American ethnographer and author

Robert Stewart Culin (July 13, 1858 - April 8, 1929) was an American ethnographer and author interested in games, art and dress. Culin played a major role in the development of ethnography, first concentrating his efforts on studying the Asian-Americans workers in Philadelphia. His first published works were "The Practice of Medicine by the Chinese in America" and "China in America: A study in the social life of the Chinese in the eastern cities of the United States", both dated 1887. He believed that similarity in gaming demonstrated similarity and contact among cultures across the world.

==Early life==
Born Robert Stewart Culin, a son of Mina Barrett Daniel Culin and John Culin, in Philadelphia, Culin was schooled at Nazareth Hall. He entered his father's mercantile business after graduating from high school. While he had no formal education in anthropology, Culin played a role in the development of the field. His interest began with the Asian-American population of Philadelphia, then composed chiefly of Chinese-American laborers.

Early ethnographic approach could predated to 1884, when Culin collected advertisements information in Philadelphia.

His first published works were an 1887 article for a medical journal, "The Practice of Medicine by the Chinese in America" and his speech to the American Association for the Advancement of Science on "China in America : a study in the social life of the Chinese in the eastern cities of the United States". In 1889 Culin published a report about Chinese Dominoes and Dice. In 1890 he wrote an article about Italian marionettes was inspired by a visit to a marionette theater in New York City.

==World of games==
Active in several ethnographic organizations during the late 1880s, Culin became involved with the World's Columbian Exposition, held in Chicago during 1893. As an assistant curator, Culin organized several game-related exhibitions. In addition, 1891 saw the publication of two papers. The first treated the street games of city boys, the second dealt with Chinese gambling games, providing explanations on Fan-Tan and Pak Kop Pin. At the World Exposition, Culin met Frank Hamilton Cushing. The two became friends and endeavored to create the first cumulative documentation on the world's games.

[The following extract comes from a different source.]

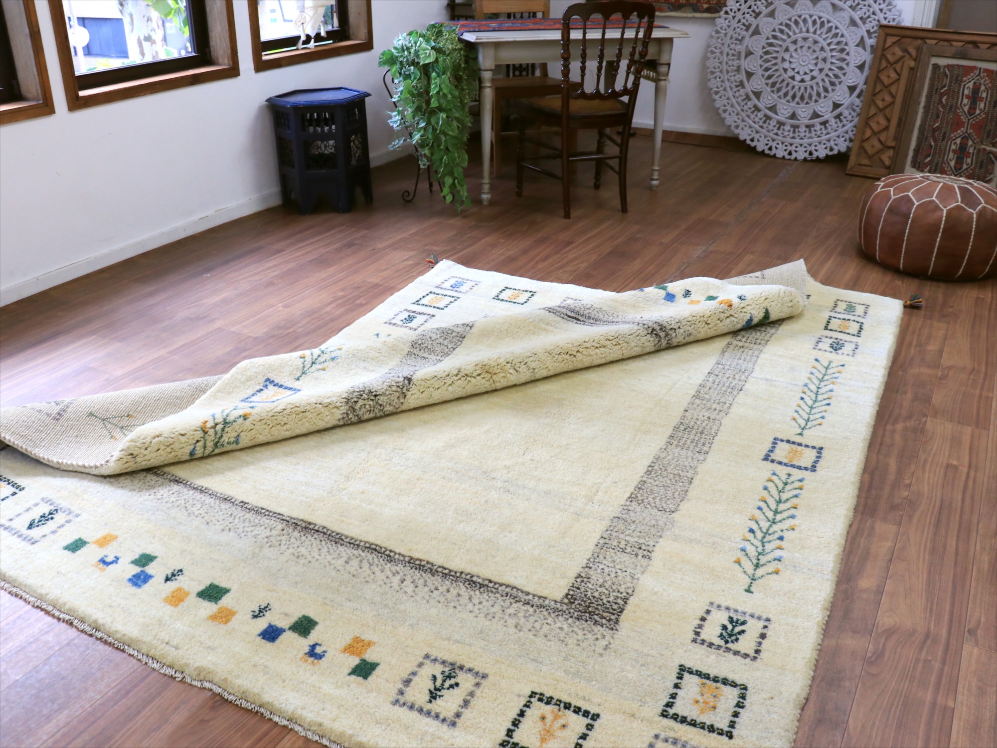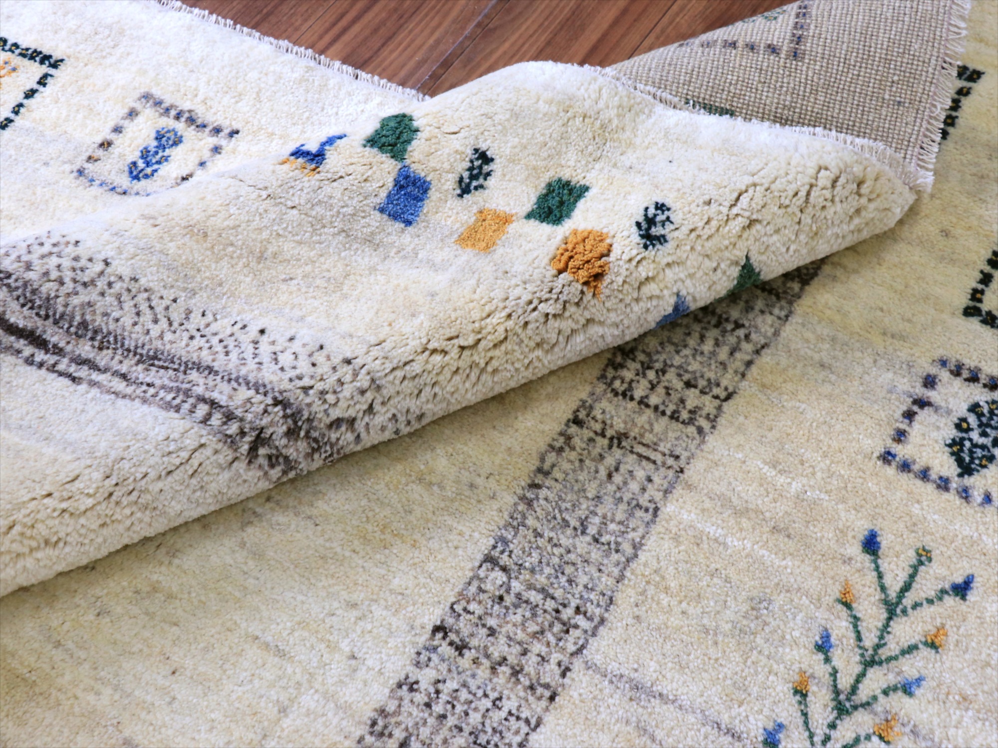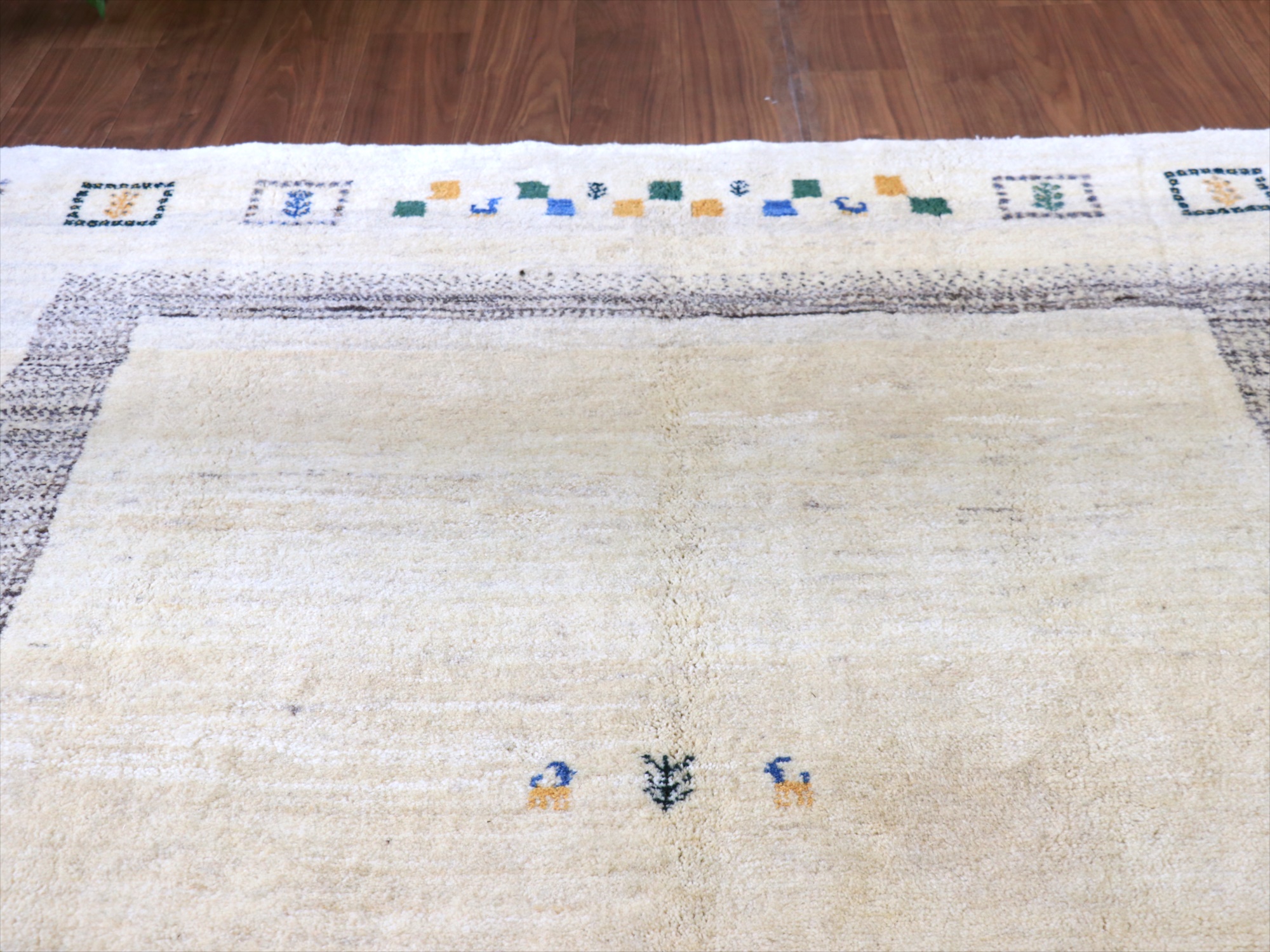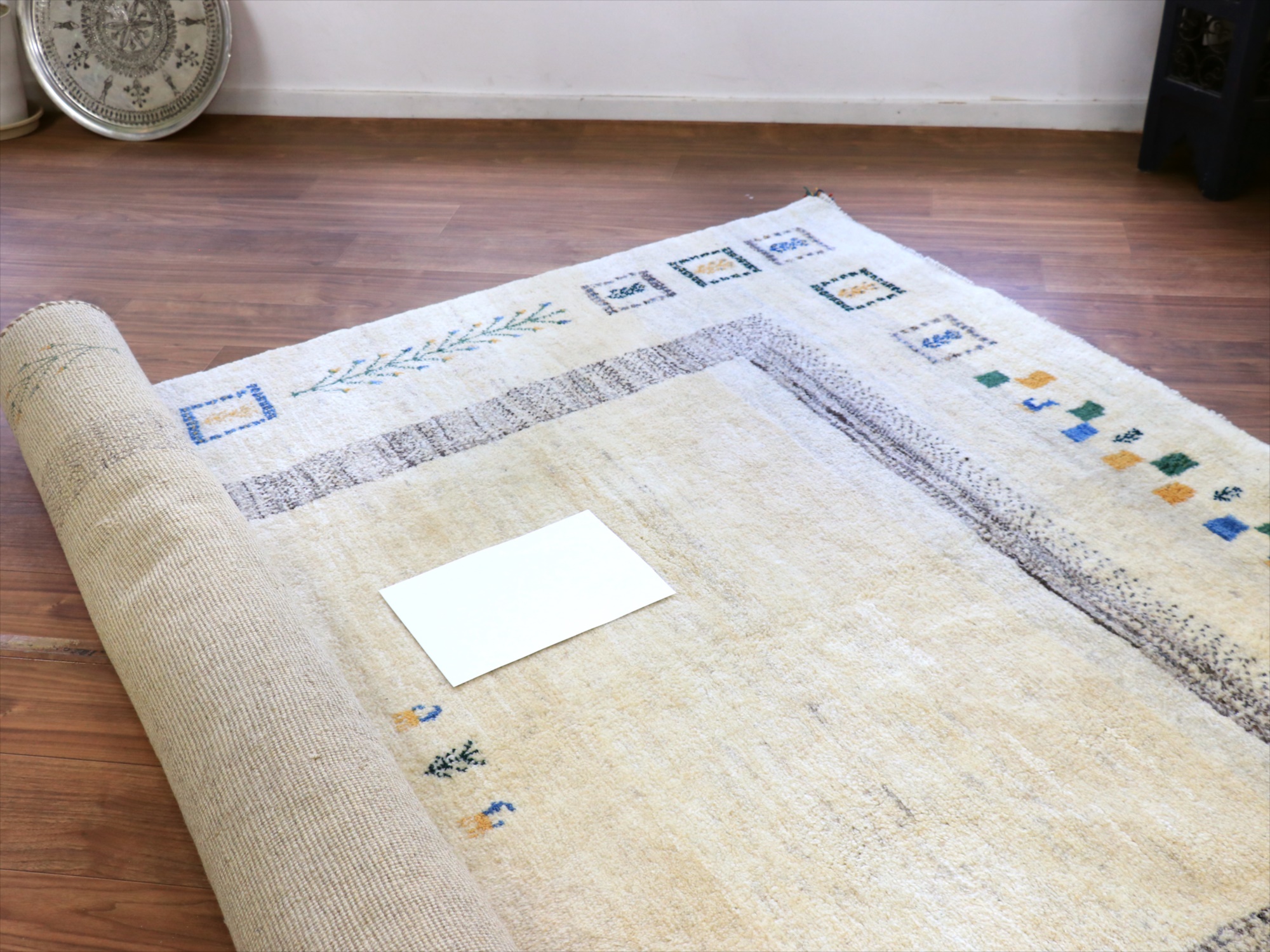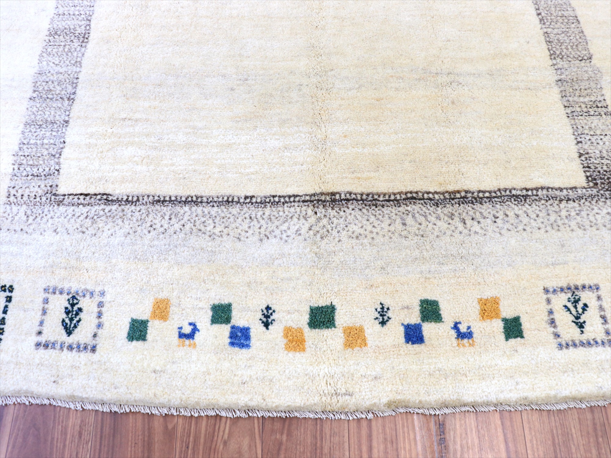 ギャッベ 遊牧民の手織りラグ 234x200cm ナチュラルアイボリー イラン産
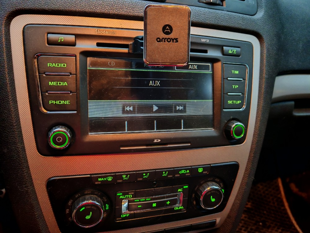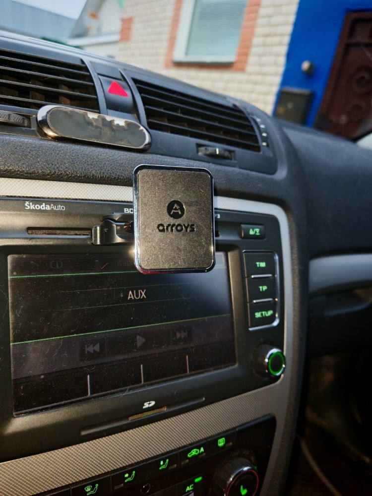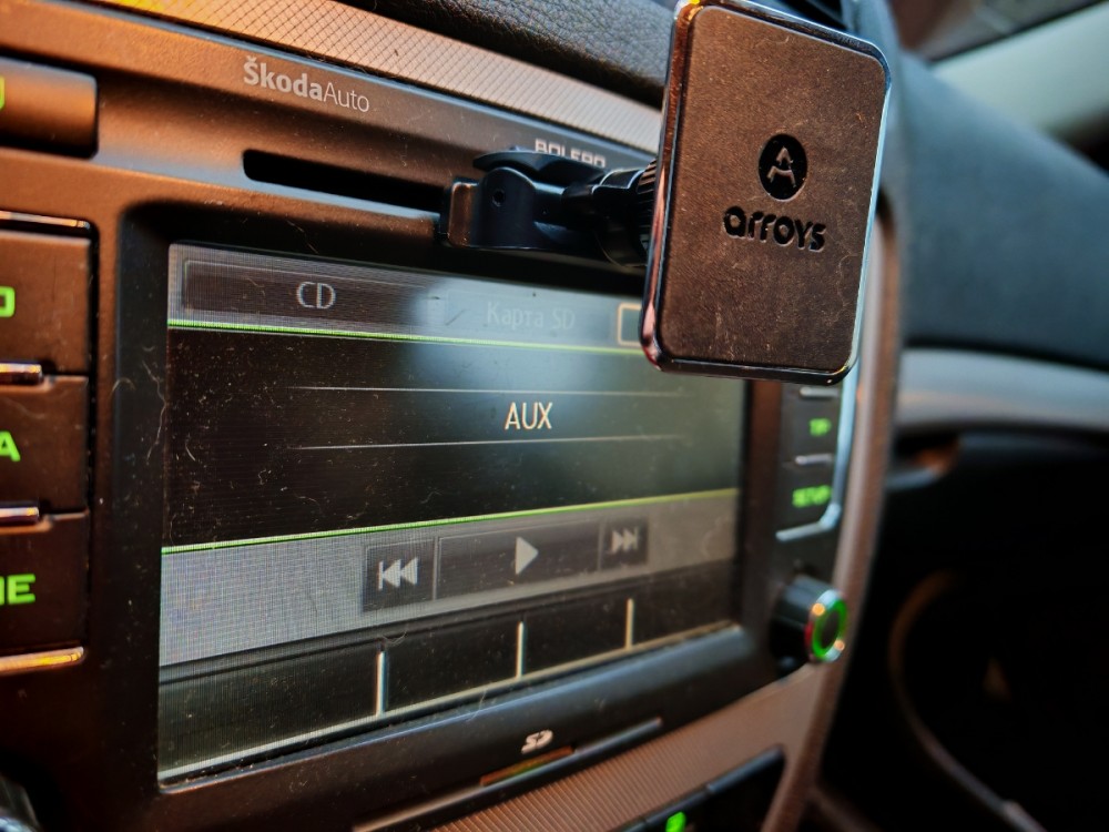 Модель магнитного автомобильного держателя с креплением в CD-слот Arroys CD-SM1 - одно из лучших предложений в рынке. Она исключительно компактная, размер основания в ширину - всего 55 мм, изготовлена из качественных материалов и сама конструкция устройства сделана так, что крепление в слоте CD очень надежно. Три лопасти основания вставляются в проем CD магнитолы авто и разжимаются внутри слота с помощью крутящегося фиксатора. Доступ к элементам управления панели CD практически не ограничивается за счет маленького размера держателя. Рекомендуется размещать автодержатель не по центру слота, а слева или справа.

In 1892 Culin became Director of the University of Pennsylvania's Museum of Archaeology and Paleontology. Married on March 18, 1893, to Helen Bunker, Culin published on the games exhibit at the 1891 Chicago exposition. In 1899 he became curator at the Free Museum of Science and Arts in Philadelphia on American and general ethnology.

Korean Games, with comparisons to those of other Asian cultures, were the topic of Culin's first book, published in 1895. This work was inspired by Cushing, then of the Bureau of American Ethnology of Washington. Culin became interested in chess and card games and published a paper on the topic in 1886. He worked with Cushing on an article called Arrow games and their variants in America and the Orient. When Cushing became ill, Culin continued the work and eventually published three inter-related papers: American Indian Games (1898), Hawaiian Games (1899) and Philippine Games (1900). After Cushing's death in 1900, Culin published a revised version of American Indian Games in 1903.

==Professional life==
Although he had no formal training, Robert Stewart Culin is known today as an expert on games as well as for his museum work. His influence was not limited to the two great institutions where he spent his career—the University of Pennsylvania and the Brooklyn Museum. Culin was also a founding member of both the American Anthropological Association and the American Folklore Society, and was an experienced collector and exhibitor who organized exhibitions at world's fairs in Madrid (1892) and Chicago (1893). He was elected a member of the American Philosophical Society in 1897. In the same year, he was elected as a lay member of the Salmagundi Club New York.

Culin's collecting methodology in many ways exemplified the attitudes and assumptions of the heyday of anthropological collecting known as the "museum age" (1875–1925). His major focus was to understand the "language of things", which resulted in innovative exhibitions and collaboration with several colleagues, especially in the worlds of fashion and design. He was a meticulous record keeper whose exhaustive documentation practices, unique to museums today, created a level of documentation that set standards in the field. Culin endeavored to document both the meanings and the origins of the objects he collected.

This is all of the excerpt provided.